Use case

Plan-stage incident response

Mesh of coordination nodes converging on a central decision point
By Tetherlab team
Updated 2026-05-29

Overview

When something goes wrong across a fleet of agents, the question is not just what changed. It is what each agent intended, in what order, and how to undo it without unwinding everything around it.

Freezing the swarm mid-flight

The master can stop an active task. The task terminates and local files are left as they are. Because the master is the single authority for one git remote, a stop reaches every coordinated agent, not just the one in front of you.

There is no wait or lock to manage. The master changes what agents are allowed to do by terminating tasks, so a freeze is decisive rather than a queue of paused processes that can starve.

Replaying the intent timeline

Every registry mutation is an event on an append-only log: intent submission, concept match, conflict detection, plan completion. The log is the source of truth, and the dashboard's history view reads from it.

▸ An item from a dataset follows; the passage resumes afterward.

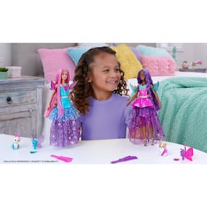 Barbie A Touch of Magic Fashion Doll, Brooklyn com vestido detalhado de asas, cabelo longo colorido de 18 cm, 2 animais de estimação e acessórios de fantasia - Modelada após seu visual brilhante em Barbie Touch of Magic, Barbie boneca "Brooklyn" Roberts vem com um vestido, animais de estimação e acessórios inspirados em contos de fadas. - Esta boneca Barbie dá ao cabelo um toque mágico. Ela tem cabelo roxo de 18 cm de comprimento e inclui acessórios como um pente, faixa de cabeça brilhante e alfinete de cabelo decorativo. - Barbie "Brooklyn" usa um vestido em camadas com detalhes nas asas no decote. Sua longa saia de tule brilha com estrelas, enquanto os punhos brilhantes dão asas e realçam sua roupa mágica. - Seus animais de estimação também são fantásticos. Ela vem com uma adorável amiga borboleta, bem como um cachorrinho de estimação usando um tutu super fofo. - Barbie As bonecas A Touch of Magic são presentes encantadores para crianças a partir de 3 anos. Eles podem colecionar todos para mais aventuras alimentadas pela amizade. Cada um é vendido separadamente, sujeito à disponibilidade.

A post-mortem walks the timeline of intents and verdicts in order. You can reconstruct the master's state at any prior point, which turns what happened from guesswork into a replay.

Cross-machine revert

A revert verdict terminates the active task and the shim rolls the working tree back to the pre-task state. The action is defined at the agent level, so reverting bad work does not depend on which laptop produced it.

Revert is scoped to the task

Revert rolls a coordinated task's working tree back to its pre-task snapshot. Git history still lives underneath; Tetherlab decides what to undo at the intent layer.

Incident playbook

  1. 01Stop the active intents touching the affected concepts. The terminate is immediate, no lock to clear.
  2. 02Open the history view and replay the intent timeline to find the first bad verdict.
  3. 03Revert the offending task; the shim restores the working tree to its pre-task state.
  4. 04Re-evaluate dependent intents against the new world state before letting agents continue.

Next steps

The same signed timeline that drives a post-mortem also makes the system audit-grade by construction.

Frequently asked questions

Is there a pause action?

No. The master has three actions: continue, stop, and revert. There is no soft pause, because agent completion times are non-deterministic and a time-based lock would deadlock or starve. Changing what an agent knows means terminating the task and starting a fresh one.

How far back can a post-mortem reconstruct?

The append-only event log is the source of truth, so the master's state at any prior point is reconstructable by replaying events. The history view reads the same log.